From the records below, output exactly the lines starting at the line with "Еще через девять" and ending at the line with "This paper extends", both of them included, but no pictures.

++++ EXTRACTED ENTRIES ++++

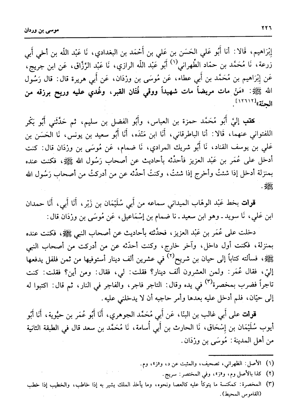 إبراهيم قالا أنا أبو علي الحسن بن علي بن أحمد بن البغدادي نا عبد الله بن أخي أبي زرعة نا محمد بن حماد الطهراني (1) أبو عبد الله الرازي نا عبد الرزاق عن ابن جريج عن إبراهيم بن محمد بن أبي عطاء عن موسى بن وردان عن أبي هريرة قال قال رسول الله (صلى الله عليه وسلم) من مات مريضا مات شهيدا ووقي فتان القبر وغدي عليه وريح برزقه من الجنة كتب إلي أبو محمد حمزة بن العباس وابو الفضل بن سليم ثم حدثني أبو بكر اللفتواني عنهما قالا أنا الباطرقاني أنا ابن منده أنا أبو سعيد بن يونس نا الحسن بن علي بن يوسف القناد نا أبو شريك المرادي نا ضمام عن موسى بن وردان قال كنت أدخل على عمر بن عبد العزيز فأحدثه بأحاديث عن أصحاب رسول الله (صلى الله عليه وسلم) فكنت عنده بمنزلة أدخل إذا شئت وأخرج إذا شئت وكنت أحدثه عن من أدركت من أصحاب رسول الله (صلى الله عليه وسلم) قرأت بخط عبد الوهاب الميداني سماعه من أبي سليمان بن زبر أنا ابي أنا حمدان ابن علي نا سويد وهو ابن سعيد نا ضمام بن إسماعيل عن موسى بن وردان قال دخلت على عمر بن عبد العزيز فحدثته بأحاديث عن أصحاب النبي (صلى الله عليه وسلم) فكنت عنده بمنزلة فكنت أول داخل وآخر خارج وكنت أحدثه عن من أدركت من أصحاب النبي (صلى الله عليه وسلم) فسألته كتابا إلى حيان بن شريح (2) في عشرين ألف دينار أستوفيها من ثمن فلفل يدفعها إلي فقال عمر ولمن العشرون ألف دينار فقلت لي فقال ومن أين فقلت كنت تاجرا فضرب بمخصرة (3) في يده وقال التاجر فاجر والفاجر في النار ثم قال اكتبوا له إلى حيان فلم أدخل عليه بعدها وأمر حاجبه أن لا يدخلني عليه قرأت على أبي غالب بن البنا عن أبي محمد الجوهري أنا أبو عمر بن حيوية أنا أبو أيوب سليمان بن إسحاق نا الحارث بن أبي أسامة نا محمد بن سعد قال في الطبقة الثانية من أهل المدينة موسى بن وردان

++++
++++ EXTRACTED ENTRIES ++++

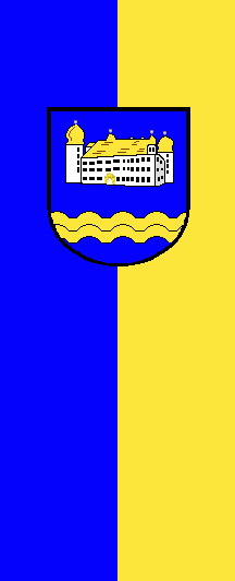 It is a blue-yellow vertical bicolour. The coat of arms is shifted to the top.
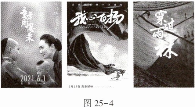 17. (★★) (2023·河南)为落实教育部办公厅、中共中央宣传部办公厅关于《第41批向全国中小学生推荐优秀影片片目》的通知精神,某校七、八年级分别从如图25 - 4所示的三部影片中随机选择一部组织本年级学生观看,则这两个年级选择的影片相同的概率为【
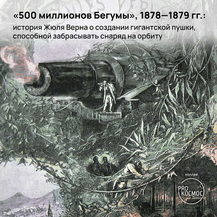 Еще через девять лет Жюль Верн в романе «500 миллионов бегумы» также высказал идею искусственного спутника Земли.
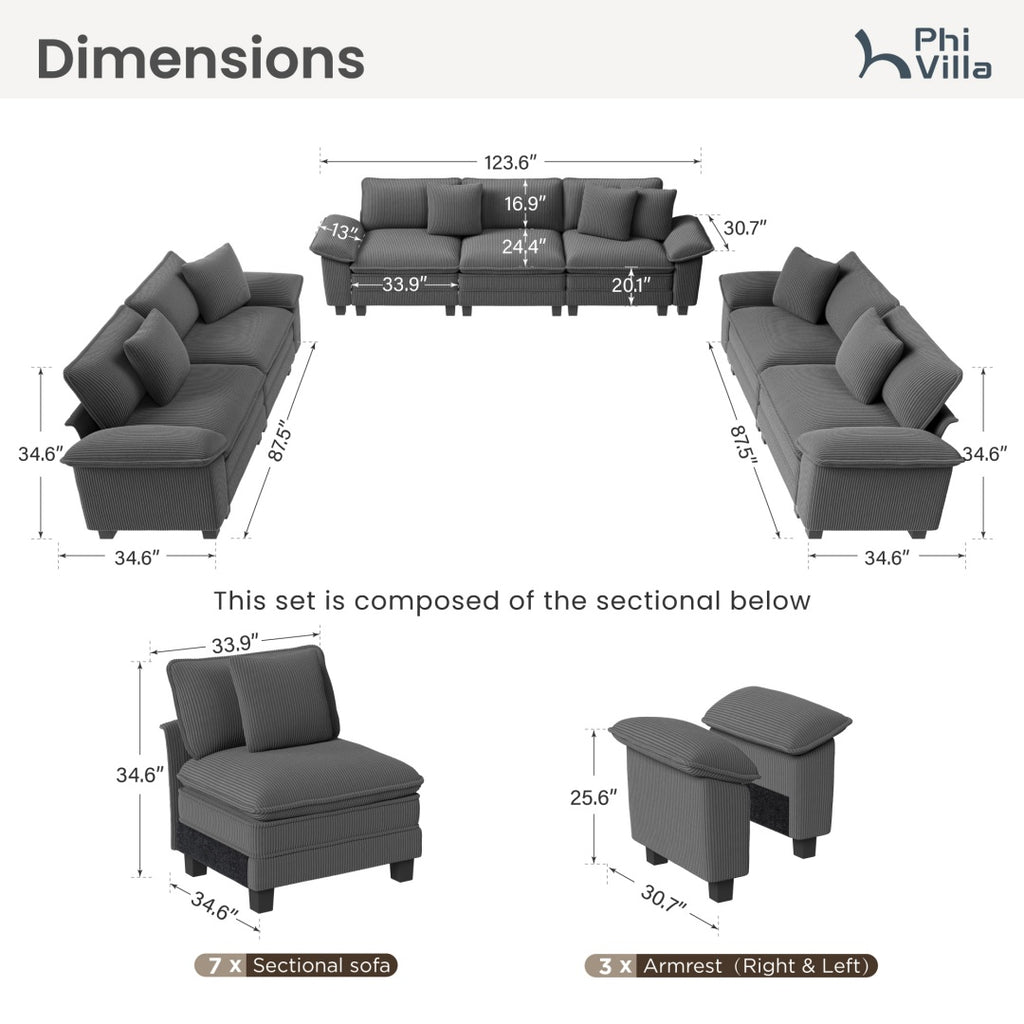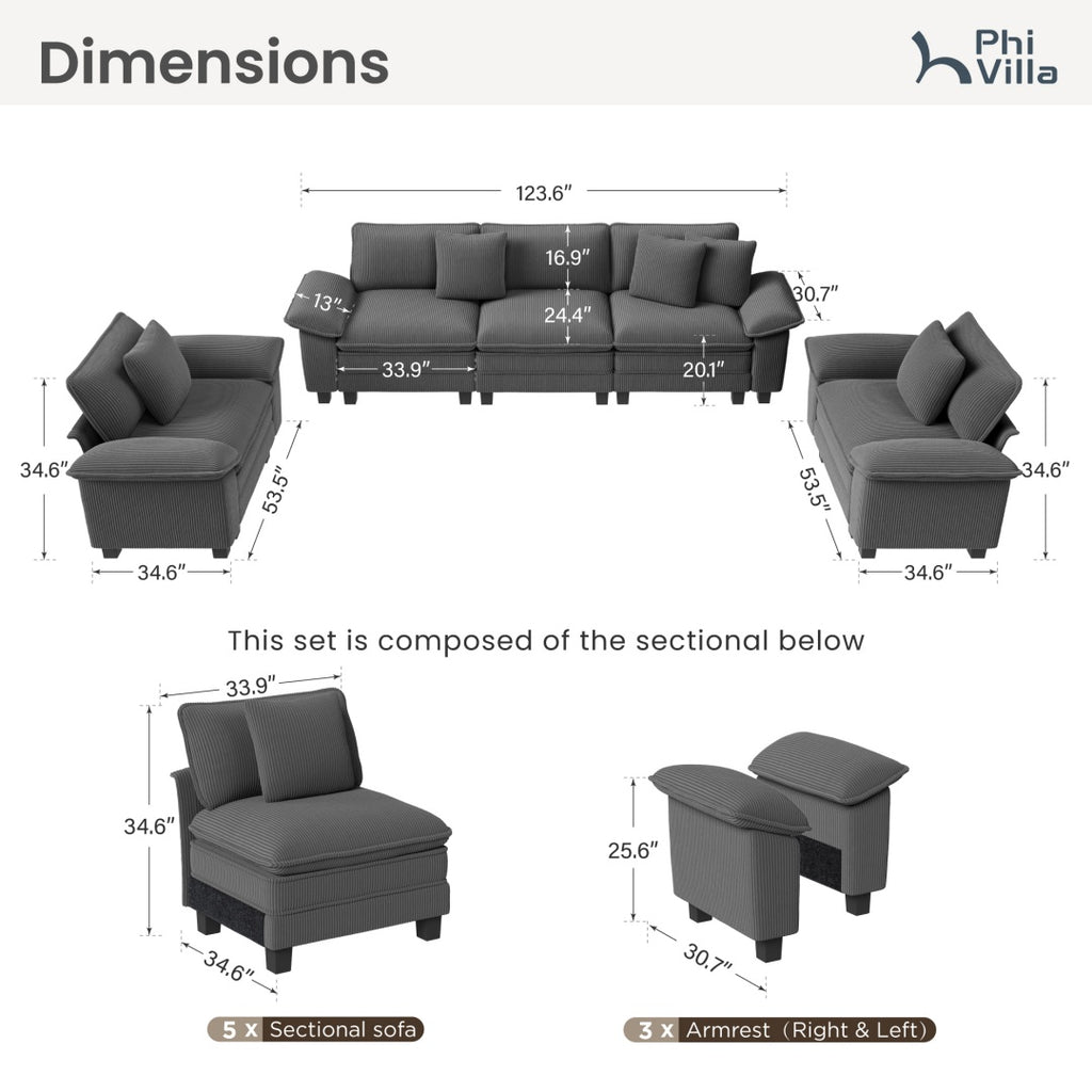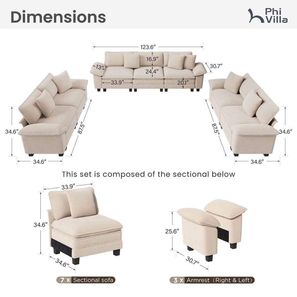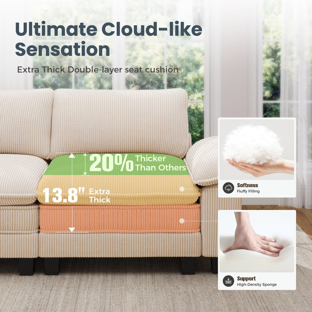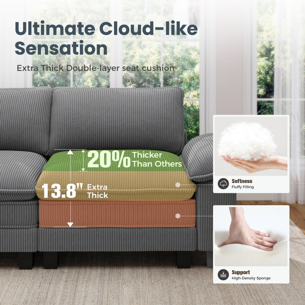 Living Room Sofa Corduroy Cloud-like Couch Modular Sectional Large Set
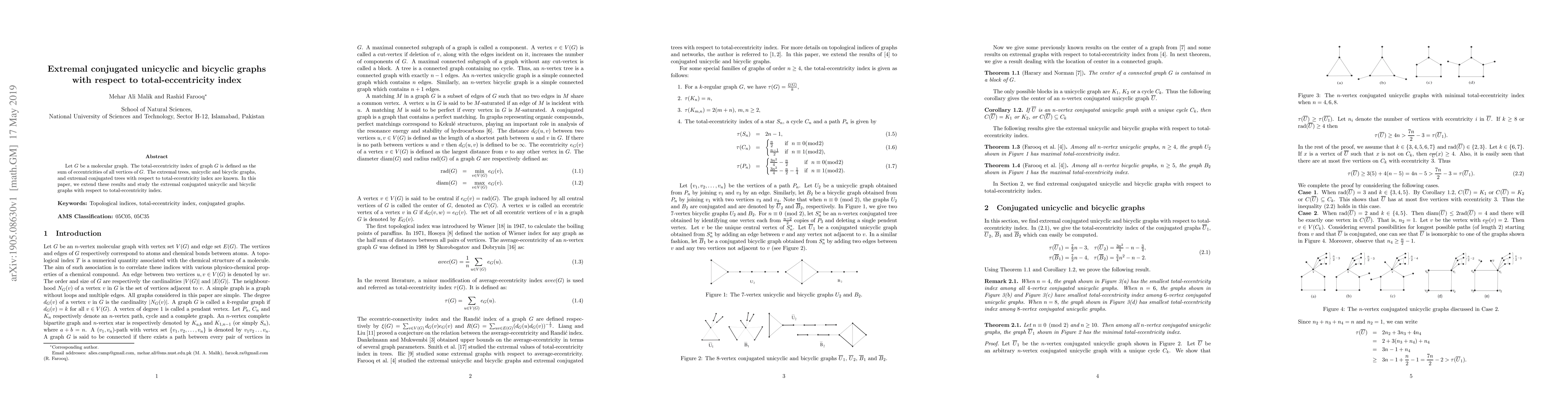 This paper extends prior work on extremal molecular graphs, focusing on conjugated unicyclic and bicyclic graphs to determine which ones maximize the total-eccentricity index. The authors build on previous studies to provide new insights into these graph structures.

++++

EXPECTED ANSWER —
 Еще через девять лет Жюль Верн в романе «500 миллионов бегумы» также высказал идею искусственного спутника Земли.
 Living Room Sofa Corduroy Cloud-like Couch Modular Sectional Large Set
 This paper extends prior work on extremal molecular graphs, focusing on conjugated unicyclic and bicyclic graphs to determine which ones maximize the total-eccentricity index. The authors build on previous studies to provide new insights into these graph structures.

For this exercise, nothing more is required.